2.4. Characterization of Digestion Products by SDS-PAGE

After the artificial digestion, a Bicinchoninic Acid (BCA) Assay for protein quantification of the digested, negative controls and enzyme control samples was carried out using a BCA kit (Pierce, Thermo Fisher Scientific, Waltham, MA, USA) (Walker, J. M. 2009). An SDS-PAGE was performed to attest to the successful digestion of the treated samples. The electrophoresis was carried out by mixing 30 µL of each digested, undigested and enzyme control sample with a protein concentration of 2 μg/μL with 10 microliters of 4× sample loading buffer (125 mM Tris HCl (pH 6.8), 2.5% (w/v) sodium dodecyl sulfate (SDS), 0.1% (w/v) bromophenol blue, 25% (v/v) glycerol, 25% (v/v) β-mercaptoethanol). After heating the mixture at 100 °C for 5 min, 15 µL from each sample was collected and loaded on a 16% polyacrylamide gel. A molecular weight marker (Page Ruler, Thermo Fisher Scientific) was included on each gel. Gels were then stained with colloidal Coomassie Blue (Bio-Rad Laboratories, Hercules, CA, USA).

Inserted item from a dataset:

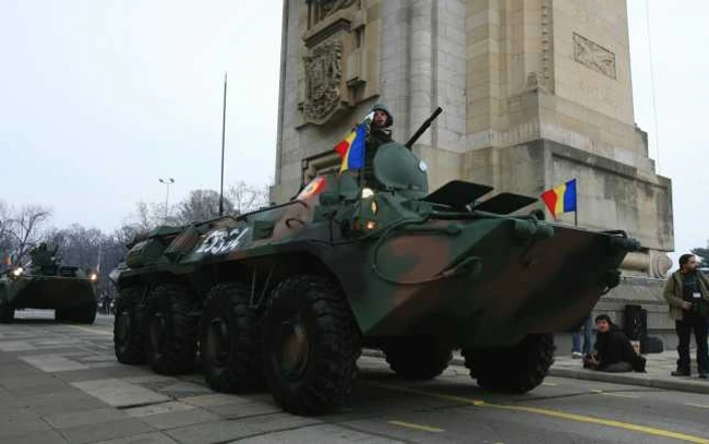 Zeci de persoane aflate în zona Arcului de Triumf, pentru a lua parte la manifestaţiile organizate de Ziua Naţională, au scandat „Jos Băsescu!", „Ruşine! Ruşine să vă fie!" dar şi „România! România! Ole! Ole!", moment în care muzica militară care venea din difuzoarele amplasate în Piaţa Arcul de Triumf a fost înlocuită cu muzică ambientală.

2.5. GLUTag Cell Line Culture

The GLUTag cells used in the present work were kindly donated by Prof. Staels (University Lille, Institut Pasteur de Lille, Lille, France) with permission of Prof. Drucker (Lunenfeld-Tanenbaum Research Insitute, Toronto, ON, Canada). The medium where the cells were cultured was composed of 88% of DMEM (Dulbecco’s modified Eagle’s medium) containing 1 g/L D-glucose, supplemented with 10% foetal bovine serum (Sigma-Aldrich, Madrid, Spain), 1% of 100 U/mL/100 mg/L Penicillin/Streptomycin and 1% of Glutamine (final concentration 2 mM) (Lonza, O Porriño, Spain). The cells were incubated under a 5% CO2-humidified atmosphere at 37 °C. At least three GLUTag cell passages were cultivated consequentially to allow each treatment to have adequate biological replicates for the GLP-1 secretion test.

2.6. GLP-1 Secretion Test

GLUTag cells were plated onto 24-well plates precoated with Matrigel (Lonza, O Porriño, Spain) at a density of 200.000 cells/mL 24 h before the secretion study. Cells were washed twice with PBS buffer and treated for 2h at 37 °C with the CP, PFR, PFP, and Pagri samples following intestinal digestion dissolved in HEPES buffer (1.25 mM) at a concentration of 5 mg protein/mL. All the treatments were performed by duplicate in each cell plate and repeated for 3 passages. After the treatment, the medium of each well was collected and stored at −80 °C in aliquots of 25 µL until the determination of total GLP-1 and LDH release assay following the manufacturer’s instructions. Then the cells were lysed with RIPA buffer, lysates were stored at −80 °C, and then used to analyse total protein content using a BCA kit (Pierce, Thermo Fisher Scientific) and for LDH quantification in the cells.

2.7. Determination of the DPP-IV Inhibitory Activity (% Inhibition and IC50)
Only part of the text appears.